U.S. loan funds recorded their highest weekly inflow as their streak of gains increased to eight months, according to Bank of America Corp.

Investors this week added $1.3 billion into funds that purchase floating-rate debt, the Charlotte, North Carolina-based bank said in a report yesterday, surpassing the $930 million record set in the prior week. It marked the 34th straight week of growth in the asset class, which has resulted in more than $12 billion of deposits.

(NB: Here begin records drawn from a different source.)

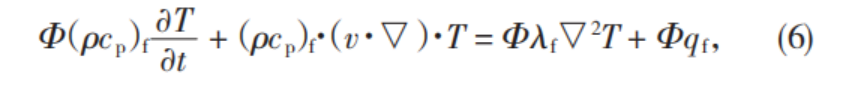 式(6)—式(7)中,ρ為密度,kg/m3;cp為比熱容,J(/kg·K);(ρcp)f為多孔介質(zhì)流相中總的體積比熱容,J/m3;T為溫度,K;t為時間,s;λf為液體導(dǎo)熱系數(shù),W(/m·K);qf為液體內(nèi)熱源強度,W;(ρcp)s為多孔介質(zhì)固相中總的體積比熱容,J/m3。將式(6)與式(7)相加,可導(dǎo)出單相流體的多孔介質(zhì)的能量方程為:
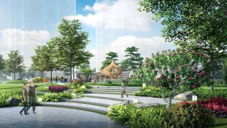 云湖花城约18万m²无分割园林,园林容积率仅2.34,绿化率35%。
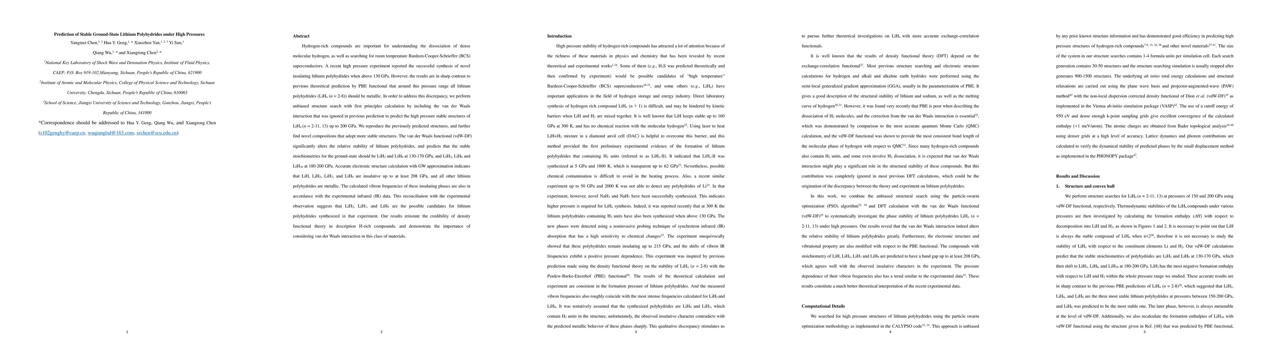 This study uses first-principles calculations, including van der Waals interactions, to predict stable lithium polyhydrides under high pressures, resolving discrepancies between experimental findings and previous theoretical predictions. The results suggest that LiH2, LiH7, and LiH9 are insulating and consistent with experimental data, highlighting the importance of van der Waals interactions in accurately describing hydrogen-rich compounds.
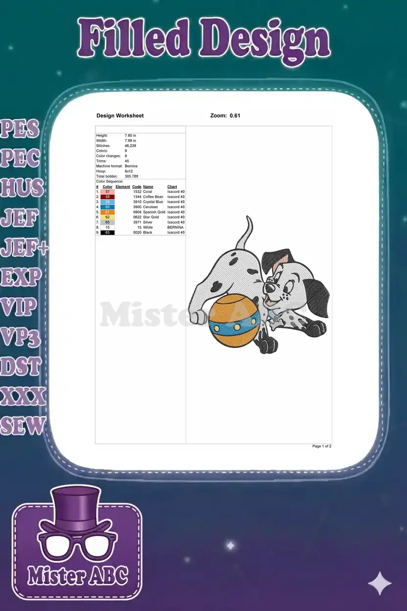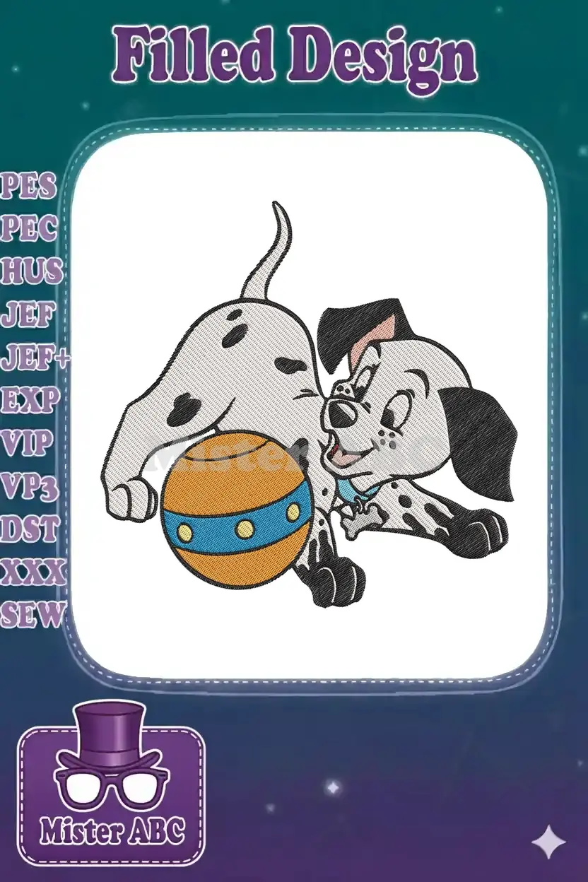 Playful Dalmatian Puppy with Orange and Blue Ball Embroidery Designs
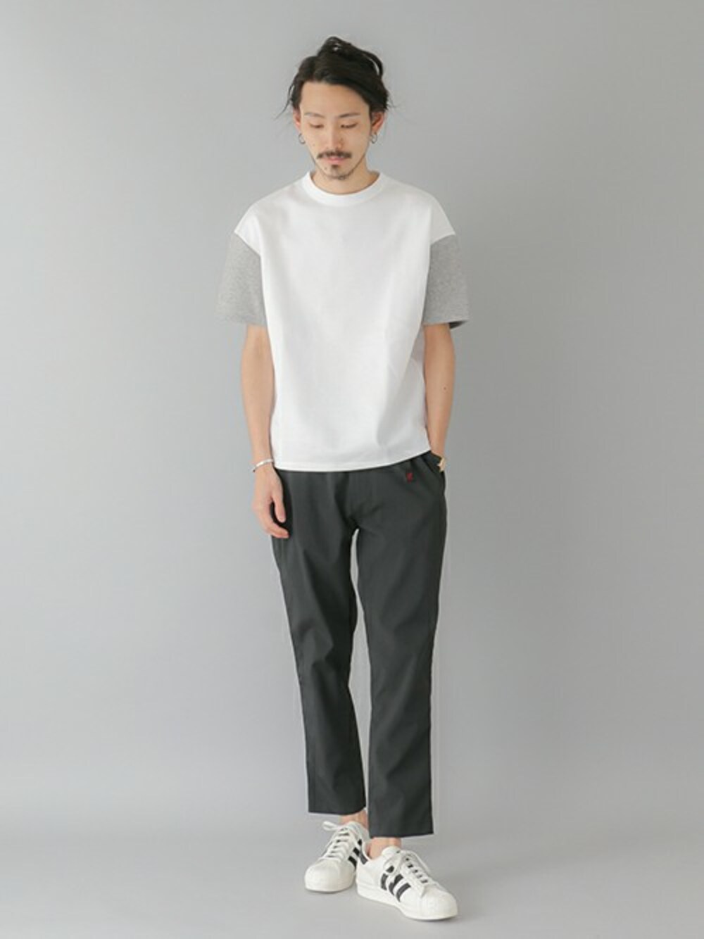 今期の人気アイテムであるポンチ素材のルーズTシャツ。パンツはグラミチで全体的に動きやすいコーディネートです。
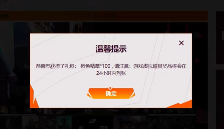 点击确认后,即可获得系统随机分配的奖励,包括精粹、图标、表情等。
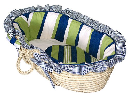 Quality designer fabrics with doubled ruffles and ties plus detail piping;Unique, duvet style bumpers open to remove bumper padding for laundering;The basket includes bumpers, sheet and a full size flannel lined receiving blanket;Machine washable
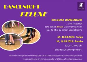 in der Tanzschule Dancing World in Linz: Für alle Tanzbegeisterten gibt’s wieder Tanzen, Üben und Neues lernen in einem. Im Rahmen der Dancenight Deluxe. Freut
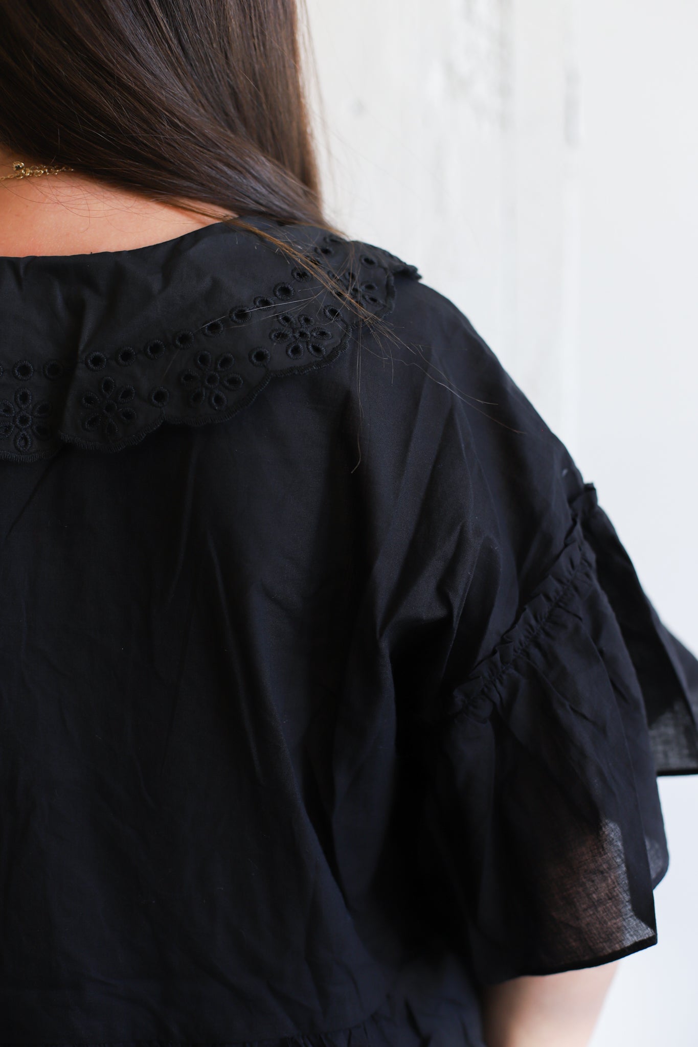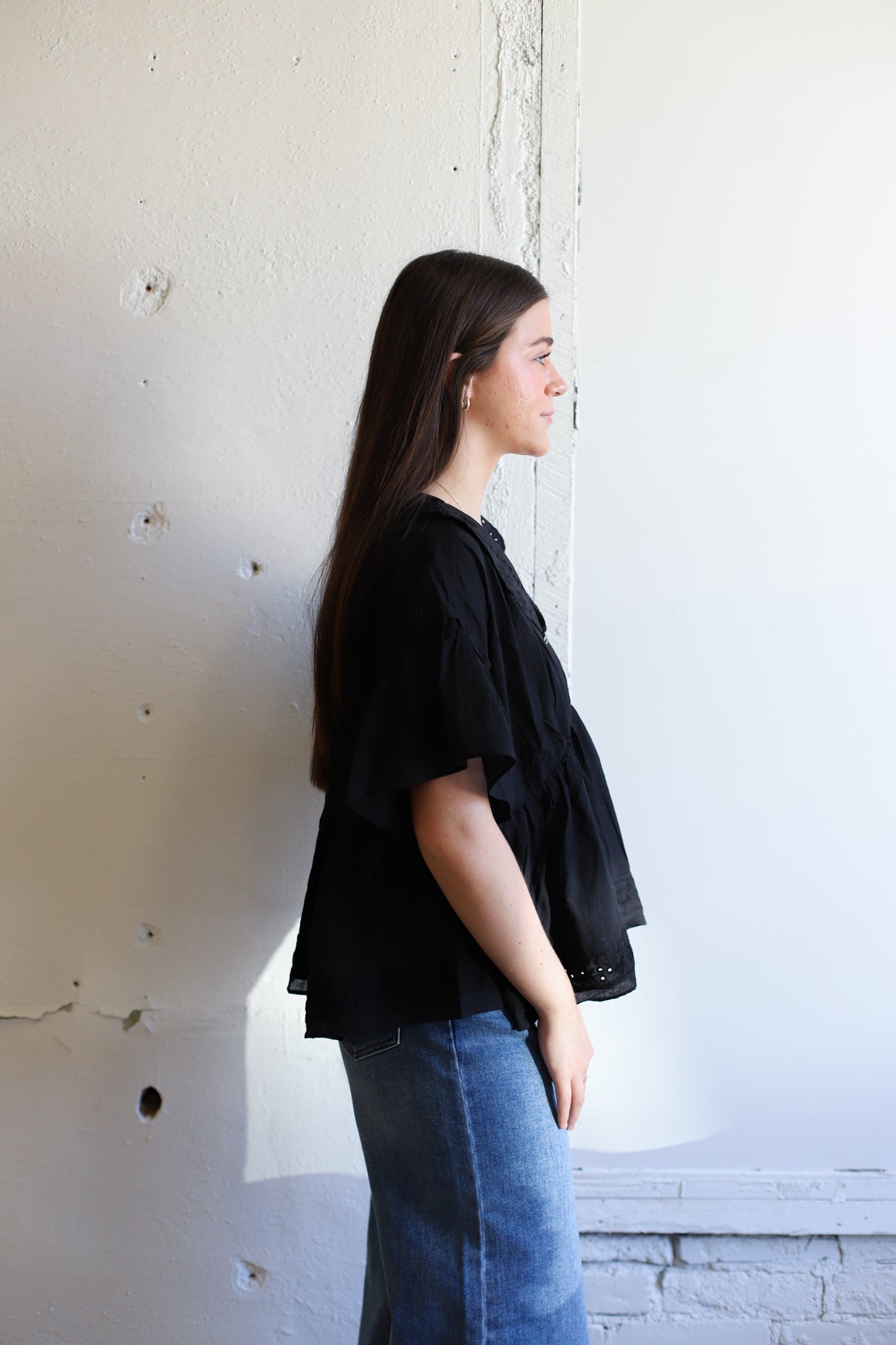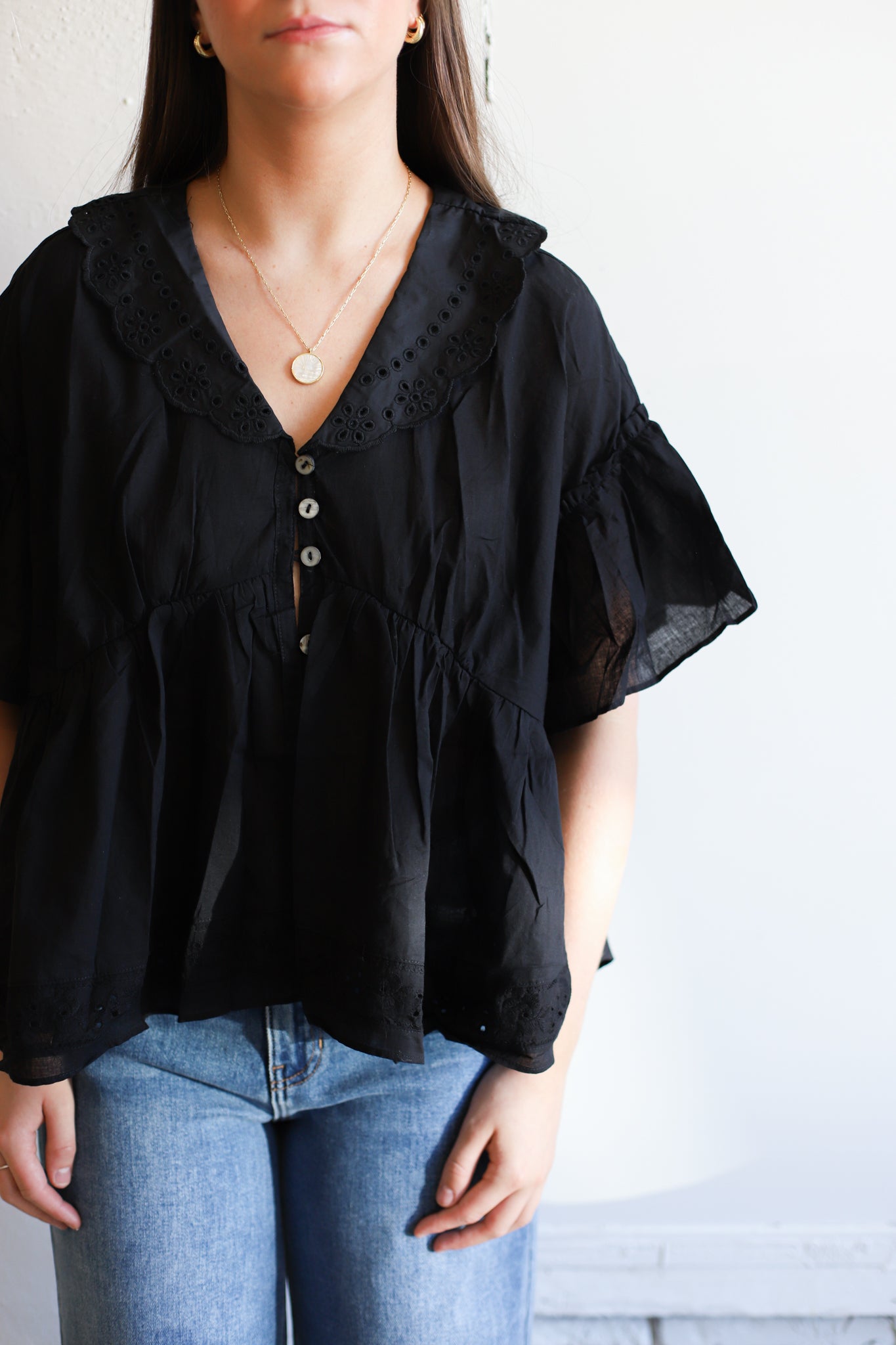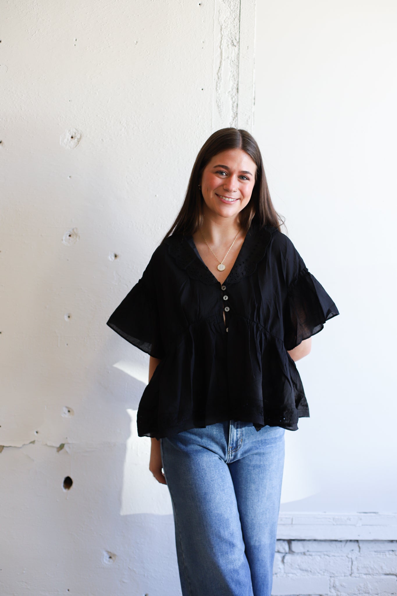 This timeless top with front button closures and a plunge neck with shawl collar is a staple for any closet! The top features elbow-length sleeves and pairs great with a pair of jeans!
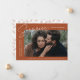 Share the news of your surprise engagement with these elegant photo engagement announcements. The design features the phrase "Surprise, we got engaged!" in a trendy white script and modern lettering on a terracotta background. Your engagement photo is featured in the centre-right part of the design with your names and engagement date displayed on the left. Personalise the surprise engagement announcement by adding additional details below such as wedding city/state, wedding website, etc. The announcement reverses to display a terracotta foliage pattern on a white background.
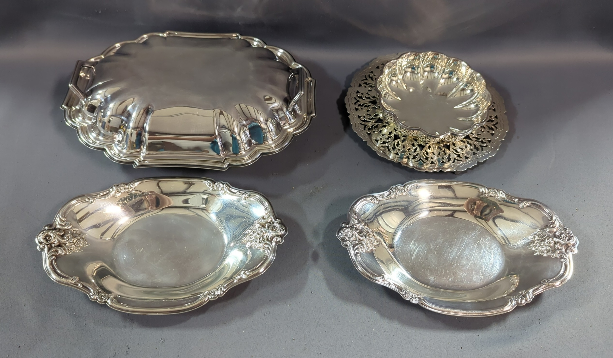 Newport Silverplate Covered Dish No YB19, International Silver Company Silver Toned Candy Tray No 448, Qty 2, And Halls Silver Toned Candy Bowl With Stand
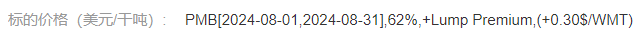 例如銷售塊礦,采用“塊礦公式5”、PMB 62%指數(shù)8月均值、結(jié)算折溢價(jià)+0.3美元,提交申報(bào)后系統(tǒng)顯示價(jià)格為:
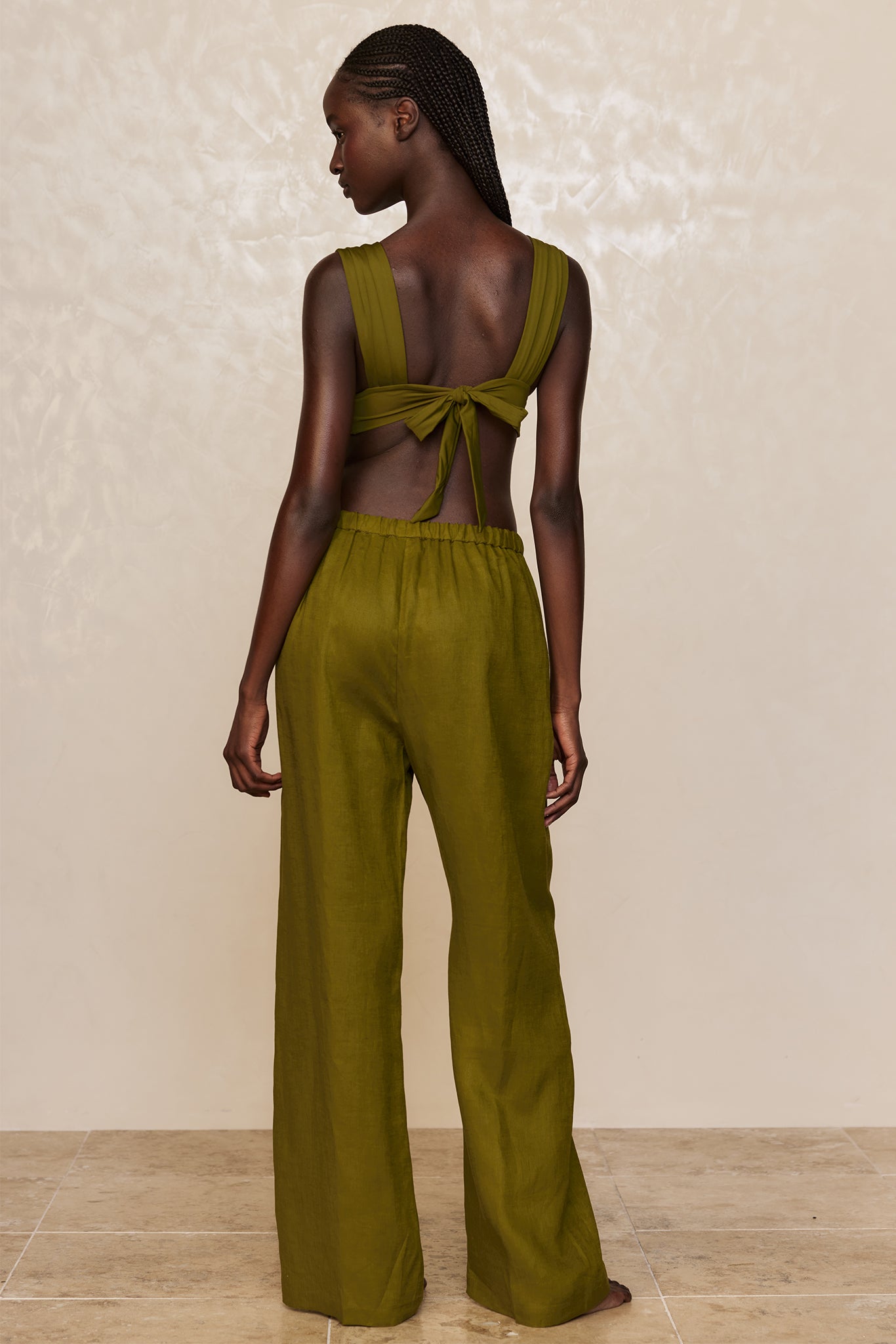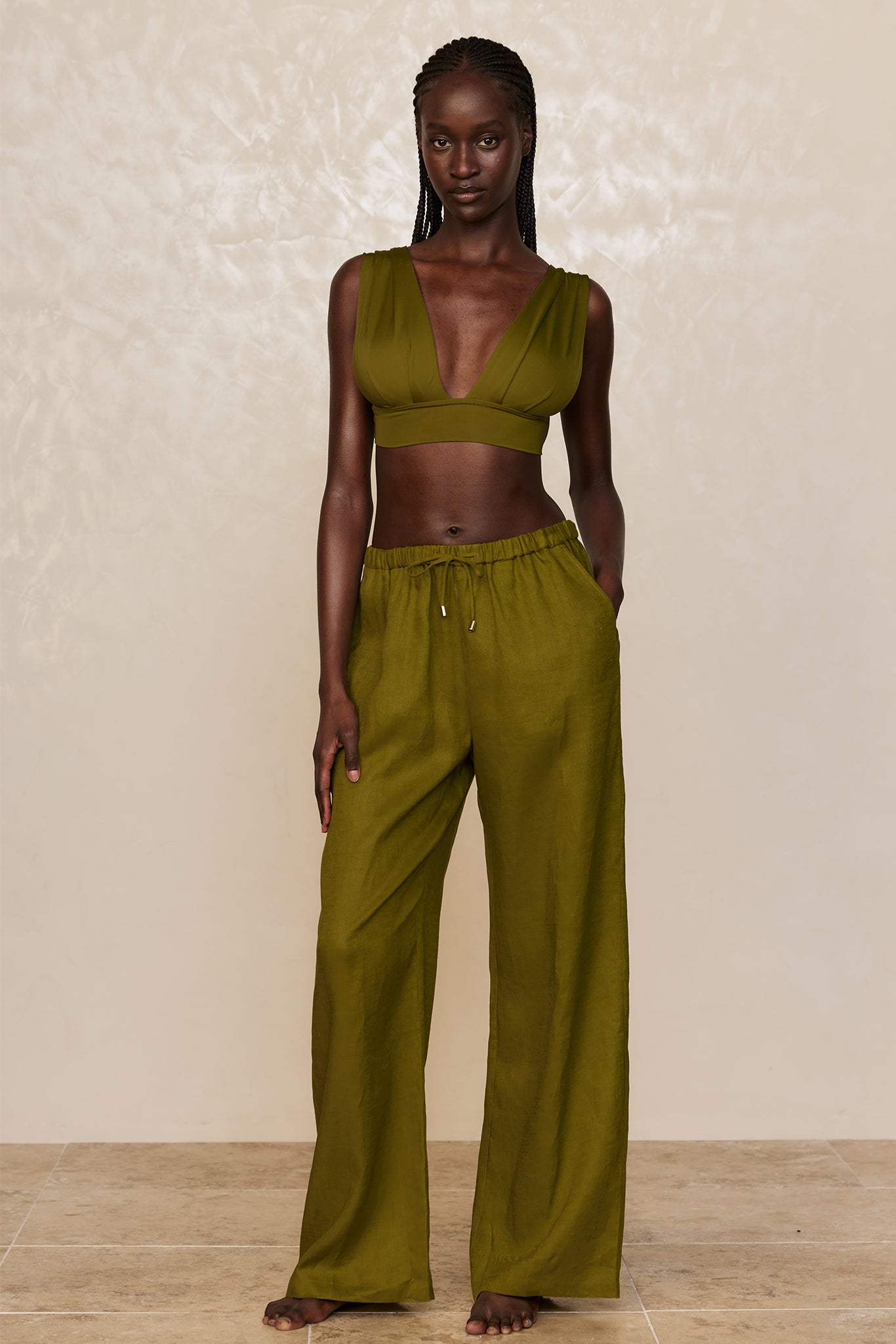 Elevate your beachside elegance with the Tuscany Pant, a luxurious fusion of comfort and style that embodies the essence of leisurely sophistication. These pants feature a drawstring elastic waist adorned with our Monday gold cord ends, that adds a playful touch to your seaside ensemble. These pants evoke an air of ethereal beauty whether you're lounging under swaying palm trees or exploring quaint coastal towns.

The inflows have enabled the busiest start in loans made to the neediest U.S. companies. The average yield of 6.1 percent on loans was 9 basis points less than those on U.S. speculative-grade bonds, after having yielded more than junk debt through January, JPMorgan Chase & Co. data show.

Private-equity firms from Carlyle Group LP to Bain Capital Partners LLC obtained $26.7 billion of the debt last month from non-bank lenders to support takeovers and refinance borrowings, according to JPMorgan. That’s the most for any January since 2007, when $32 billion of the loans were made.

Leveraged loans are a form of high-risk debt that carries ratings of less than Baa3 by Moody’s Investors Service and below BBB- by Standard & Poor’s. Outflows from U.S. high yield funds accelerated to $1.3 billion, the most in three months, according to the Bank of America report.